New Arrivals 11th to 17th of July 2017

ANDREW TSHABANGU, Footprints, edited by Thembinkosi Goniwe
201pp., 4to., illus., hardback, Johannesburg, 2017. R650
Published to coincide with the exhibition, Standard Bank Gallery, Johannesburg, 2017.

Foreword by Thulani Gcabashe. Preface by Mongane Wally Serote.

Contributions include:
"The 'Hidden Political Significance' of Andrew Tshabangu's 'Hostel Interiors'" by Ashraf Jamal
"Dreaming of Transcendence: Andrew Tshabangu's photography" by M. Neelika Jayawardane
"Anecdotes Of That Which Is So Visible It Cannot be Seen: on the supernatural in Andrew Tshabangu's work" by Bonaventure Soh Bejeng Ndikung
"'No Hawkers': signs taken for Johannesburg" by Hlonipa Mokoena
"The Value of Andrew Tshabangu's Photography" by Simon Njami
"Andrew Tshabangu's City" by Bronwyn Law-Viljoen
"Incomparable: the art of Andrew Tshabangu in context" by Michael Godby

Andrew Tshabangu has been making photographs for over twenty years. He was born in 1966 in Johannesburg, where he currently lives and works.
Lewis (M.) photo. & Zack (T.) text MASTER MANSIONS, book 8/10, Wake Up, This is Joburg, a ten book series of Johannesburg stories
33pp., b/w & colour illus., paperback, Johannesburg, 2017. R240
Mark Lewis' photographs and Tanya Zack's text document Master Mansions, a seven-storey structure built at the intersection of West and Commissioner Streets by Bhikha Uka Prajapati in the 1930s to house the family's hat factory. The building included a rooftop garden and a private Hindu temple, the first in Johannesburg. The family were forced to relocate by the Group Areas Act. The hat factory closed in 2007 and the building is now an apartment block
Magaisa (T.) & Shoro (K.) eds. OVERTIME, representation, values and imagined futures of 'classical African art'
71pp., 4to., colour illus., paperback, Johannesburg, 2017. R170
This publication is a continuation and a reflection of the processes that occurred during and after the opening of the exhibition, "Overtime", Wits Art Museum, Johannesburg, 2017.

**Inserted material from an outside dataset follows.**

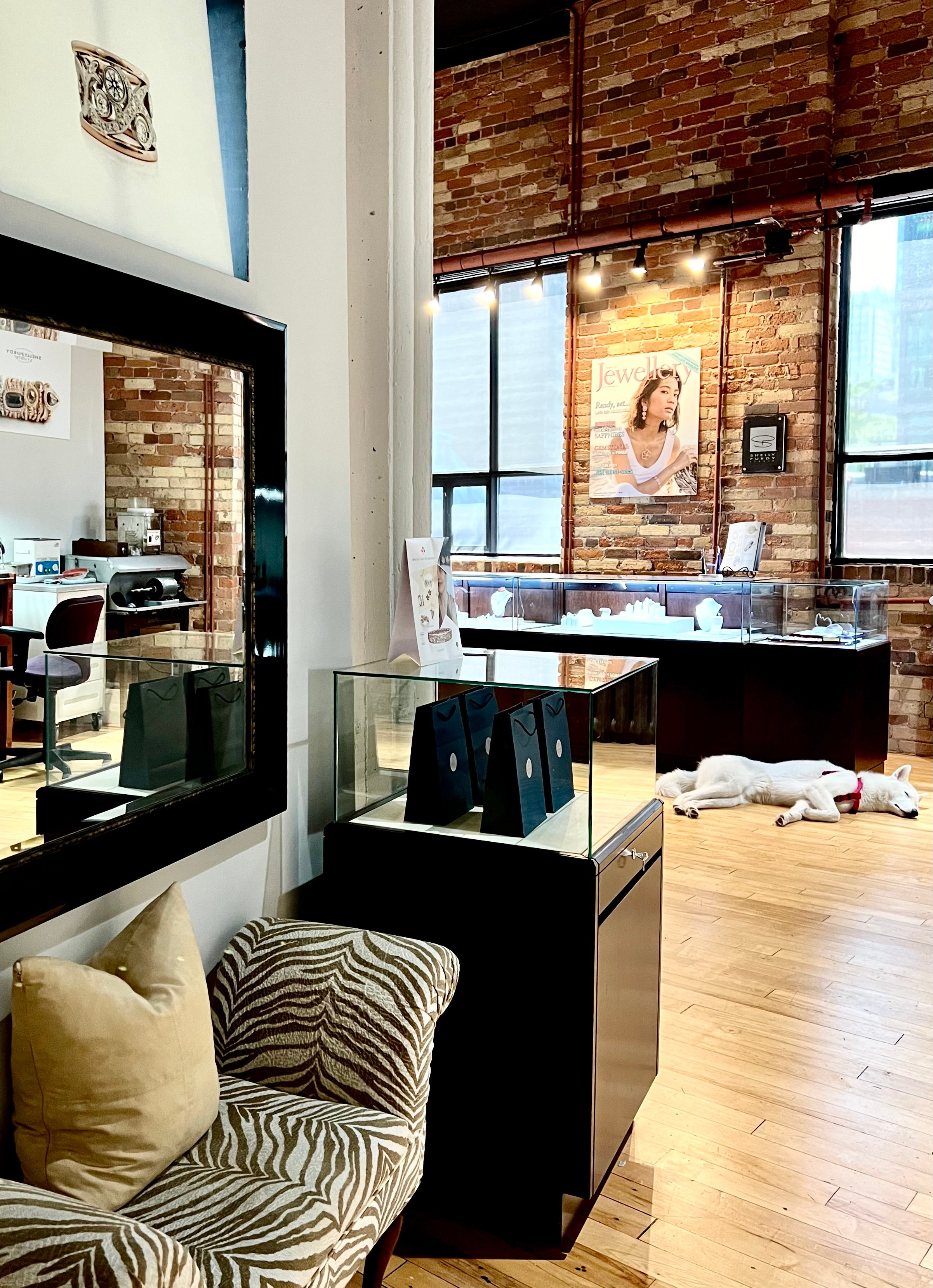 Our beautiful and creative space offers a truly personalized experience, and our convenient location makes it easy to see our jewellery in person!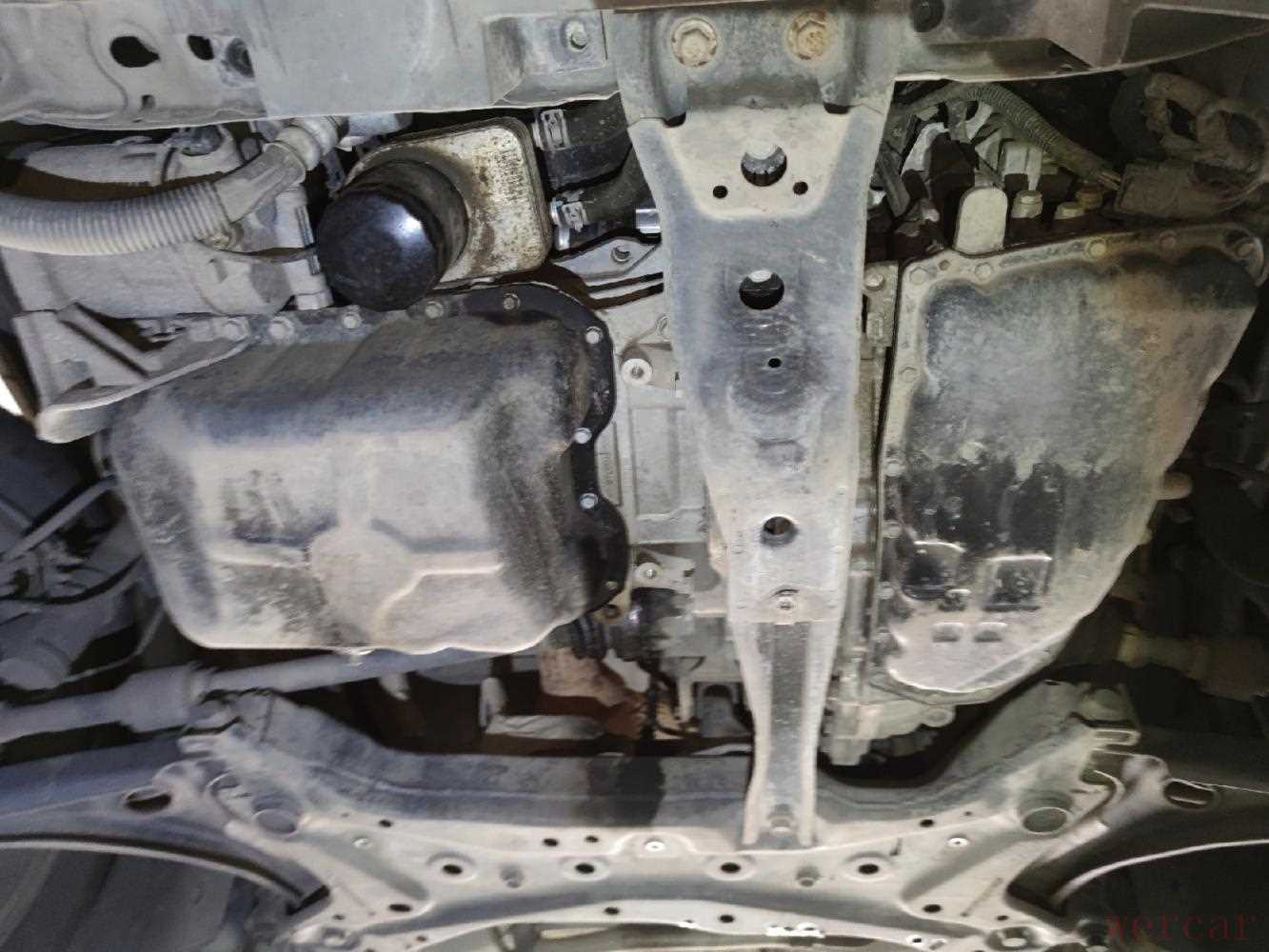 随后上架检测底盘,护板拆掉之后能看到下面还是挺干净的,没有渗油漏油,也没有明显的刮蹭托底,毕竟车身底盘高。

"Participants were encouraged to approach the Wits Art Museum collection from their individual perspective, to interrogate and (re)imagine the value, use and meaning of 'classical African art' in popular culture and in a future." from the introduction by Tatenda Magaisa and Katleho Shoro

People who contributed installations and essays in response to the collection include Anathi Bukani, Kevyah Cardoso and Luke Gibson, Rosa Elk, Michael Cheeseman, Leigh Leyde, Lebogang Mabusela, Gontse Mathabathe, Boitumelo Molalugi, Boitumelo Motau, Maxine Thomik, and Matshelane Xhakaza.